Обратный путь был другим. Мы прошли через горы и выбрались к восточному берегу того моря, которое видели из развалин гигантского города на перешейке. Мы обогнули море с севера и запада и на этот раз хорошо использовали время, завоевав много последователей. Здесь говорили по-русски, а мы заранее немного изучили этот язык. Мы пришли на север, но лето перегоняло нас: земля была покрыта цветами, и я помню, как однажды мы целый день ехали в одуряющем аромате апельсинов, зреющих на ветках деревьев. По плану нам до наступления зимы нужно было вернуться к пещерам, и поэтому приходилось торопиться.
Конечно, мы одновременно приближались и к городу хозяев. Время от времени на горизонте показывались треножники. Впрочем, вблизи мы их не видели и были благодарны и за это. Точнее, не видели до дня охоты.

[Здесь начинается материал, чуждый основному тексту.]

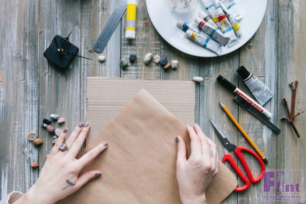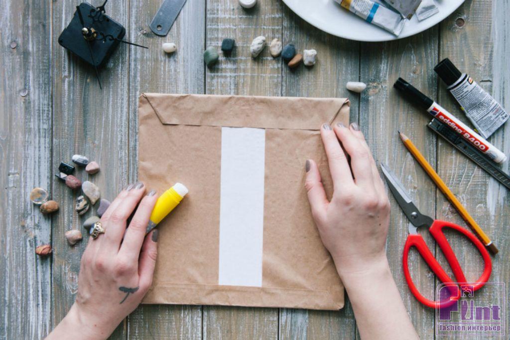 Вырезаем квадратную форму будущих часов и оборачиваем её крафт-бумагой. Как вариант — можно обтянуть картон красивой тканью или яркой упаковочной бумагой. В этом случае, закрепить декоративную «обёртку» можно с помощью двустороннего скотча.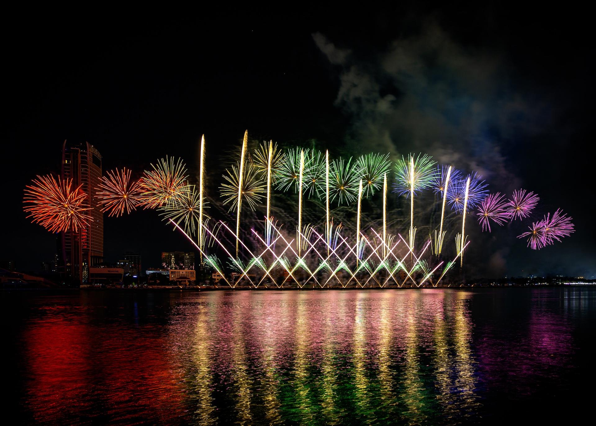 Lễ hội Pháo hoa Quốc tế Đà Nẵng (DIFF) điểm tô sắc màu rực rỡ cho sông Hàn. (Ảnh: Ánh Dương)

Хозяева, как мы уже знали, по-разному обращались с людьми в шапках. Может, разнообразие человеческих обычаев забавляло их — сами они всегда представляли одну расу, и национальные различия, языки, войны, которые вели между собой народы — все это было им совершенно незнакомо. Во всяком случае, хотя они покончили с войнами, все Другие формы различий они поощряли. Так, в церемонии надевания шапок они подчинялись ритуалу, выработанному их рабами, и появлялись в определенное время с характерным звуком, совершая предписанные движения. На турнирах во Франции и на играх они терпеливо ждали, хотя их интересовали только рабы, которых они получали в конце. Возможно, как я уже сказал, это их забавляло. А может, они думали, что это соответствует их роли богов. Во всяком случае, мы увидели необычное и ужасное доказательство этого, когда от конца пути нас отделяло несколько сотен миль.
Много дней двигались мы вдоль большой реки, на которой, как и на той реке, по которой мы добирались до игр, шло большое движение. Там, где на пути нам встретились руины гигантского города, мы вступили в более возвышенную область. Земля была хорошо обработана, обширные участки занимали виноградники, с которых уже сняли урожай. Местность была густо населена, и мы остановились на ночь в городе на противоположном от руин берегу реки. За городом начиналась обширная равнина, освещенная осенним закатом.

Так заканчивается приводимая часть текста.